The Caption Guidance software is indicated for use in two-dimensional transthoracic echocardiography (2D-TTE) for adult patients, specifically in the acquisition of the following standard views: Parasternal Long-Axis (PLAX), Parasternal Short-Axis at the Aortic Valve (PSAX-AV), Parasternal Short-Axis at the Mitral Valve (PSAX-MV), Parasternal Short- Axis at the Papillary Muscle (PSAX-PM), Apical 4-Chamber (AP4), Apical 5-Chamber (AP5), Apical 2-Chamber (AP2), Apical 3-Chamber (AP3), Subcostal 4-Chamber (SubC4), and Subcostal Inferior Vena Cava (SC-IVC).
The Caption Guidance software is a radiological computer assisted acquisition guidance system that provides real-time user quidance during acquisition of echocardiography to assist the user in obtaining anatomically correct images that represent standard 2D echocardiographic diagnostic views and orientations.
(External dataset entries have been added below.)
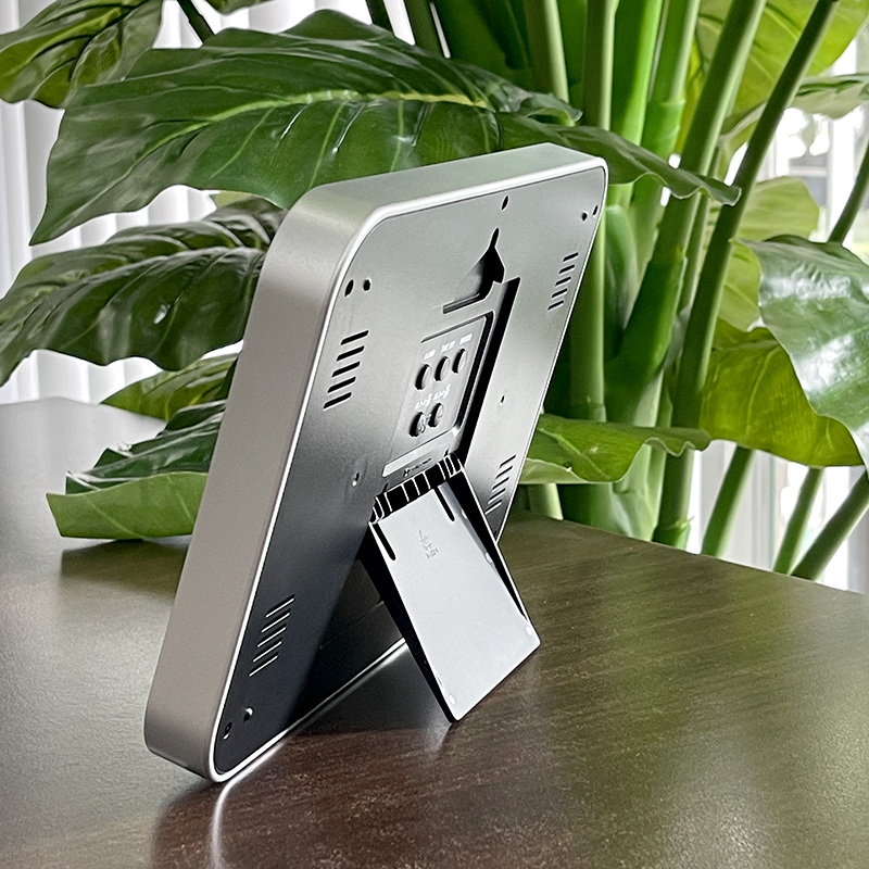 Mua tại TiktokĐồng hồ điện tử Rhythm LCT084NR19, sử dụng 3 pin AA. Vỏ nhựa cao cấp sơn nhũ bạc, kích thước 22.4 x 15.0 x 1,8cm nặng 320g. Màn hình điện tử hiển thị lịch ngày tháng thứ bằng 8 thứ tiếng. Hiển thị nhiệt độ và 4 múi giờ báo thức. Với chân đế có thể đặt bàn hoặc treo tường.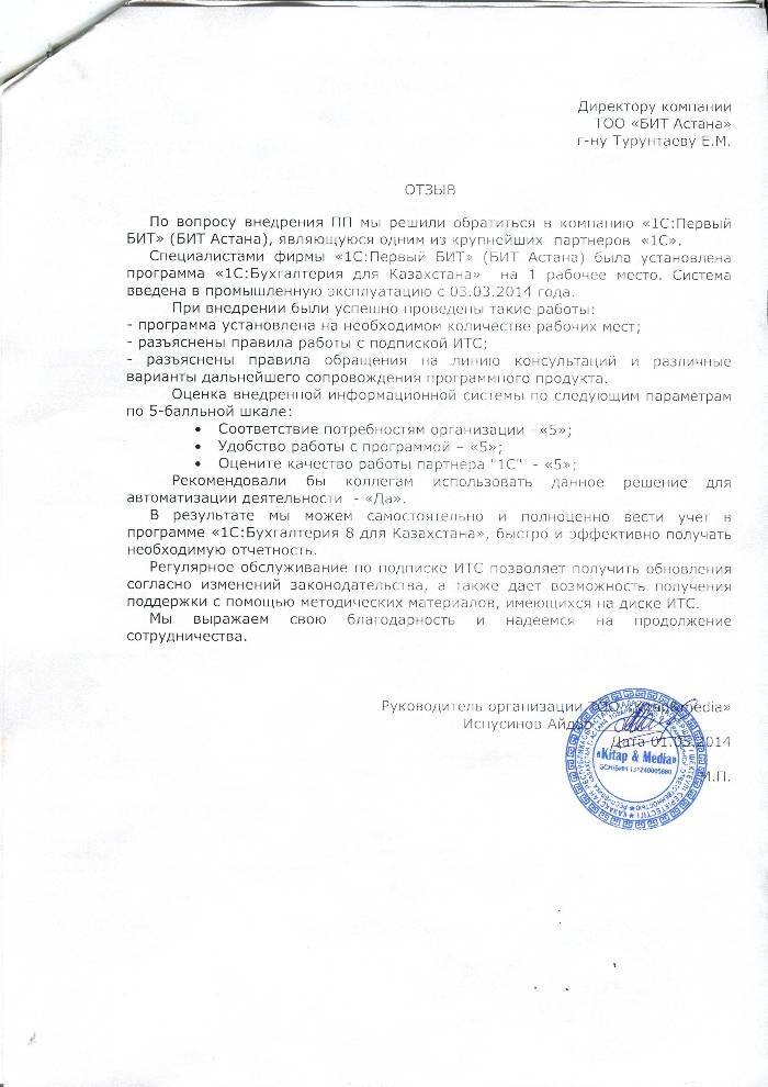 Внедренное решение: Автоматизация бухгалтерского учета в ТОО "Kitap&media" на базе программного продукта "1С:Предприятие 8. Бухгалтерия для Казахстана"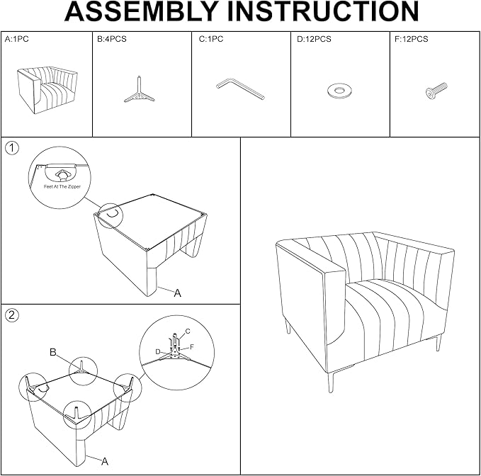 - Simple Assembly: Easily assemble this single chair with just four metal legs. All accessories and instructions are provided, allowing you to experience the stylish and comfortable design of this modern accent chair in no time.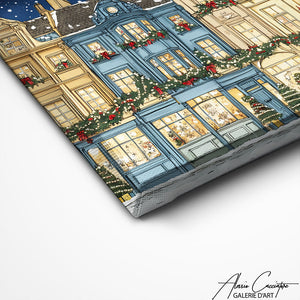 Notre tableau paysage hivernale représente une charmante rue enneigée bordée de maisons colorées décorées pour les fêtes. L’atmosphère douce et poétique de la scène crée un sentiment de sérénité dans votre pièce. Un choix élégant pour sublimer votre environnement.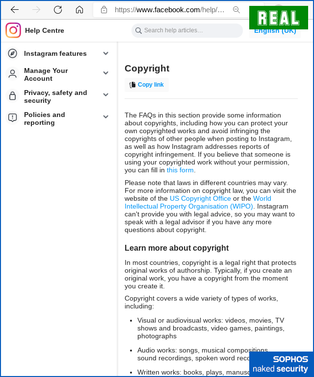 Finally, the criminals sneakily redirect you to the real Instagram copyright page that we listed above, presumably to add an air of legitimacy that leaves you on a genuine website:

Caption Guidance is a software-only device that uses artificial intelligence to emulate the expertise of sonographers.
Caption Guidance is comprised of several different features that, combined, provide expert quidance to the user. These include:
- Quality Meter: The real-time feedback from the Quality Meter advises the user on the expected diagnostic quality of the resulting clip, such that the user can make decisions to further optimize the quality, for example by following the prescriptive guidance feature below.
- Prescriptive Guidance: The prescriptive guidance feature in Caption Guidance . provides direction to the user to emulate how a sonographer would manipulate the transducer to acquire the optimal view.
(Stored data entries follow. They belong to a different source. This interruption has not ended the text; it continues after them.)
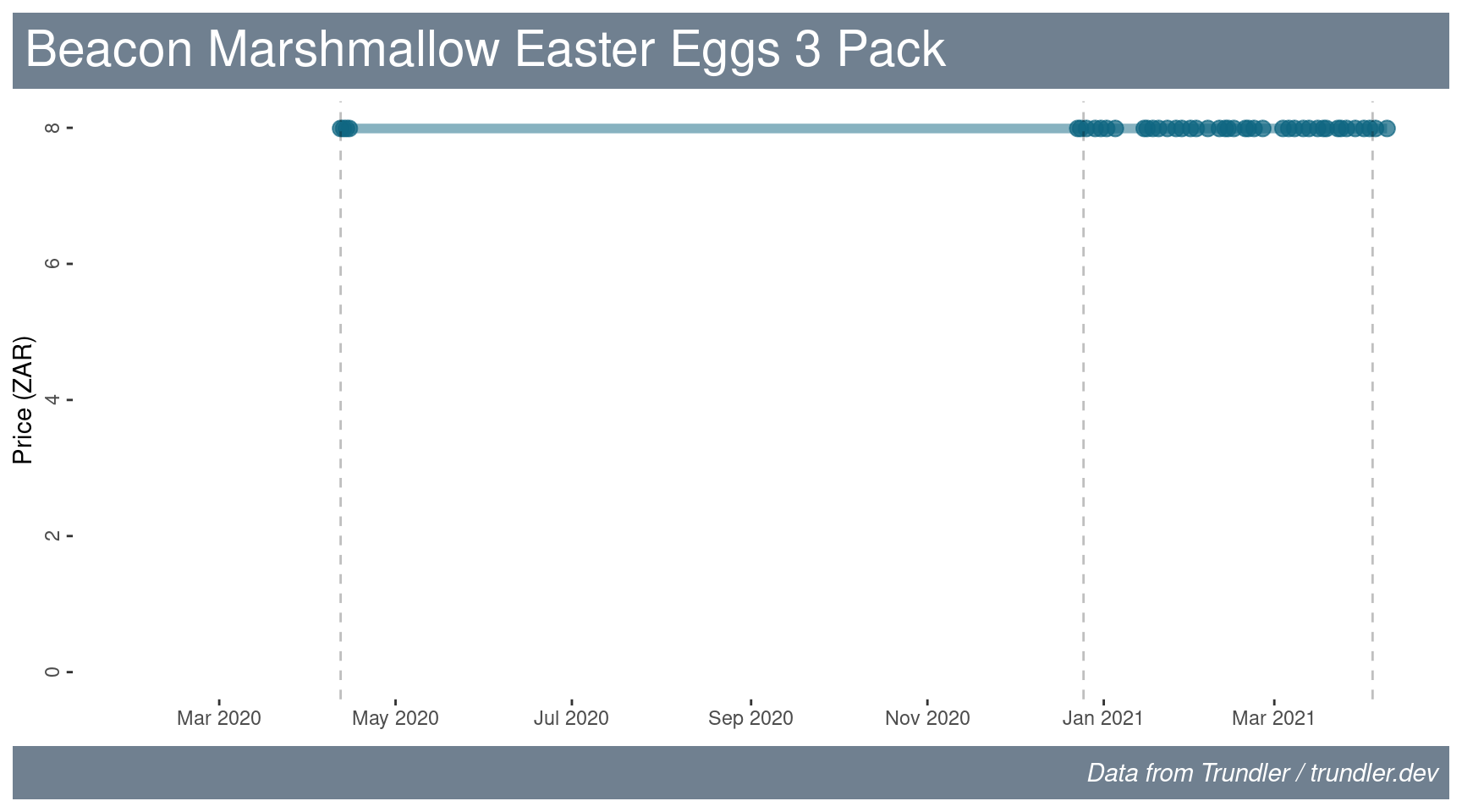 The plots below show the price history for each of the products that we’re looking at. Points indicated individual price records. The vertical dashed lines indicate the dates for Easter 2020, Christmas 2020 and Easter 2021.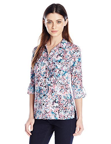 Notations Women's Petite Printed Long-Sleeve Blouse, Coral Autumn, Medium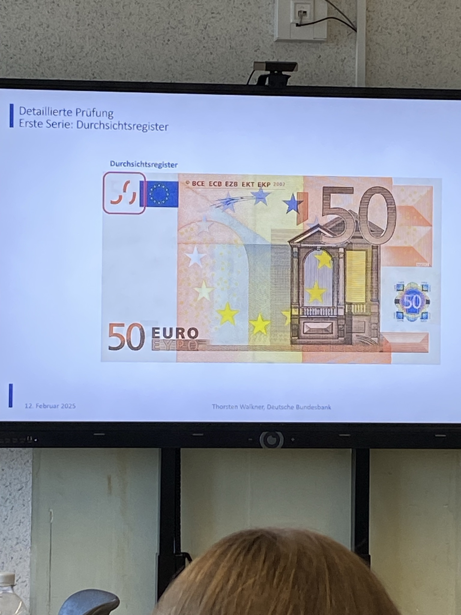 Unsere Schülerinnen und Schüler durften sich auf Spurensuche begeben und lernten durch Herrn Walkner, einen Mitarbeiter der Deutschen Bundesbank Köln, „echtes Falschgeld“ zu erkennen.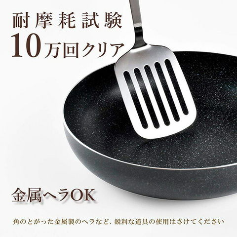 耐摩耗性に優れたコーティングで丈夫なので金属ヘラもお使いいただけます。(鋭利な道具の使用は避けてください。)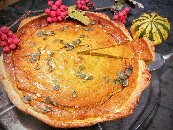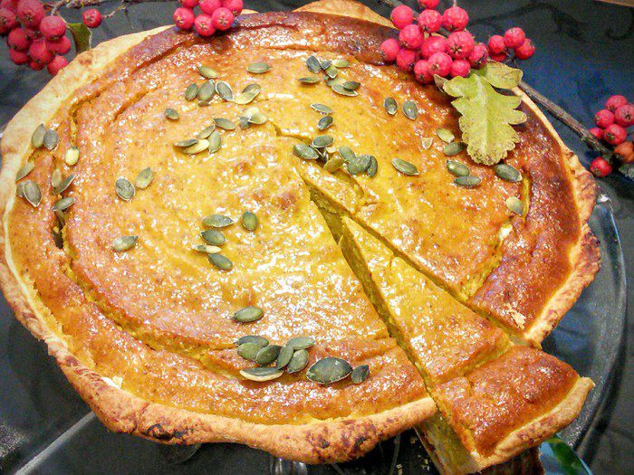 Тыкву помыть, очистить и отварить в течении 20 мин до мягкости. Воду слить, дать выход пару. Остывшую тыкву смешать со специями, сахаром, ванильным сахаром (у меня ванильная настойка, собственного производства). Взбить массу погружным блендером. Духовку разогреть до 210 градусов.
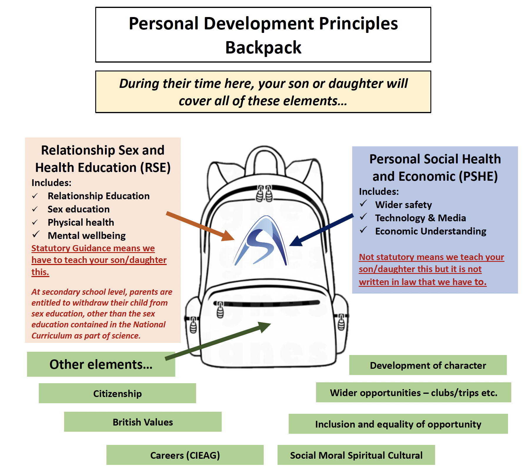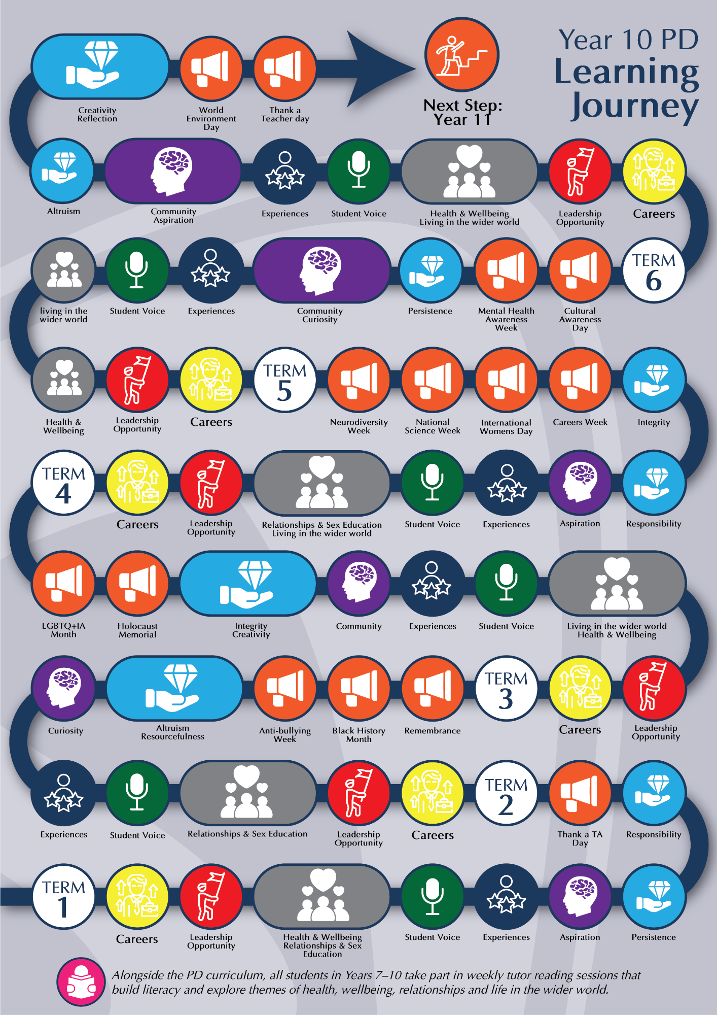All students take part in PSHE, covering Health and Wellbeing, Relationships and Living in the Wider World, alongside Relationships and Sex Education (RSE), Equality, Diversity and Inclusion, British Values, the Convention on the Rights of the Child and Careers Education.

- Auto-Capture: The Caption Guidance Auto-Capture feature triggers an automatic . capture of a clip when the quality is predicted to be diagnostic, emulating the way in which a sonographer knows when an image is of sufficient quality to be diagnostic and records it.
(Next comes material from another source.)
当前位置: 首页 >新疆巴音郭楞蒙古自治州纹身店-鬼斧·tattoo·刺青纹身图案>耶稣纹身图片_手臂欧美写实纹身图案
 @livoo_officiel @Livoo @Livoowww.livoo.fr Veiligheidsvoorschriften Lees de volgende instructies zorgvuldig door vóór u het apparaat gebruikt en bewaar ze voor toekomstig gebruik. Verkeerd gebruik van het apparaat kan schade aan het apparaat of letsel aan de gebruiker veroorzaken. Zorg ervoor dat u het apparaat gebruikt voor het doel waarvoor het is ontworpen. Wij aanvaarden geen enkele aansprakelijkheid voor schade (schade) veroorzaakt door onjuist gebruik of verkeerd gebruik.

- Save Best Clip: This feature continually assesses clip quality while the user is scanning . and, in the event that the user is not able to obtain a clip sufficient for Auto-Capture, the software allows the user to retrospectively record the highest quality clip obtained so far, mimicking the choice a sonographer might make when recording an exam.
Here's a breakdown of the acceptance criteria and the study details for the Caption Guidance software, based on the provided text.
Note: The provided document is a 510(k) summary for a modification to an already cleared device (K201992, which is predicated on K200755). Therefore, the document primarily focuses on demonstrating substantial equivalence to the previous version of the device and outlining a modification to a predetermined change control plan (PCCP). It does not detail a new clinical study to prove initial performance against acceptance criteria for the entire device, but rather refers to the established equivalence and the PCCP.
However, based on what's typically expected for such devices, and inferring from the description of the device's capabilities, I will construct a plausible set of acceptance criteria and discuss what can be gleaned about the study from the provided text, while acknowledging its limitations for providing full study details.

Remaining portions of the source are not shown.